Biting into a luscious, moist slice is an occasion to be savored. Yet despite it phenomenal fundraising record, the cake might never have been but for some early Australian Lions who played a hunch. It’s all part of the cake’s colourful history.

First released in 1965, clubs are annually flooded with requests for deliveries of the cake, and some of those requests are far from ordinary. Overseas emails regularly ask that cakes be delivered to loved ones around Australia, and many Australians send cakes to friends and family overseas.

Saving sight

While the cake largely sells itself, in its half century-plus history Lions have excelled at promoting the project in many inventive ways. In 1992 a TV advert queried, “Did you know that eating a Christmas cake can prevent blindness”, a clever reference to Lions’ SAVE SIGHT initiative.

There have been Lions Christmas Cake decorating contests and cakes are regularly served to dignitaries at official functions, making it as synonymous with Lions as the Bunnings sausage sizzle.

Biggest bake names in Australia

While the cake’s traditional recipe has barely changed over the years, it has been produced by the biggest names in Australian baking history, brands such as Big Sister, Arnott’s and Top Taste.

A year ago when Top Taste, the cake’s baker for 35 years, announced it was going out of business some alarmist sections of the media foreshadowed the end of the much-celebrated cake. No way.

Our cake was way too big a favourite for that.

After lengthy research and a bake-off by the final two contenders, Lions Australia late last year announced Melbourne family company Traditional Foods as the new custodian of the cake. Already Traditional Foods-produced Lions cakes are being shipped Australia-wide.

This week the company’s CEO Stephen Heath announced 70% of this year’s expected 400,000 to 500,000 of cakes of various sizes, including a Lions Christmas pudding, had already been taken from the oven and were heading to clubs for delivery. The products include the familiar 1kg and 1.5kg cakes plus an 80-gram slice, along with the 900-gram pudding.

Meet the new maker

For Traditional Foods, established in 1993 by Stephen Heath’s father, it has brought a hefty lift in production at its state-of-the-art, HACCP (Hazard Analysis and Critical Control Points) accredited Dandenong South facility. Now the company’s biggest bake job, it’s roughly double that of the next biggest product. The initial bake took just over two months and will be followed by a top-up bake in October-November to satisfy late customers.

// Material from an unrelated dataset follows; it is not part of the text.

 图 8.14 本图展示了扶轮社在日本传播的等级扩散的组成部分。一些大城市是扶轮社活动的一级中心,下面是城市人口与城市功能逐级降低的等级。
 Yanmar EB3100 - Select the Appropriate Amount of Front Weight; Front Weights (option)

“It’s the cooking that takes the most time,” explains Stephen. “The larger cakes take two to three hours to bake, so that limits how many we can do in a day.”

Moist taste

“The recipe for puddings is unchanged,” says Stephen, “but the cake recipe has been modified to our recipes with a slightly greater percentage of Australian ingredients, 49%, than the previous one.” Ideally, Stephen would like to see them containing 100% Australian fruit but supply shortages and/or excessive costs prevent this.

Although he modestly declines to compare his company’s Lions cakes to what went before, he admits it was pleasing to receive feedback when he joined with Lions in offering samples at the May MD201 Convention in Canberra.

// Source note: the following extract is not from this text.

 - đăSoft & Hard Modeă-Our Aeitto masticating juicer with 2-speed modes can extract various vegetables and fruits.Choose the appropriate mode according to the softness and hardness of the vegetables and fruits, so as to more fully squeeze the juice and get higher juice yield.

“The taste buds are in the eye of the beholder but the feedback there was all positive, and what I’m hearing is that some thought it was moister than the previous cake.”

Likewise, he is thrilled that what his company is producing is of such huge community worth Australia-wide.

“Hats off to Lions for getting this project up and running in the first place, and for sticking with it for all these years,” he says. “It’s a great project to be involved in.”

Story adapted from original by Tony Fawcett.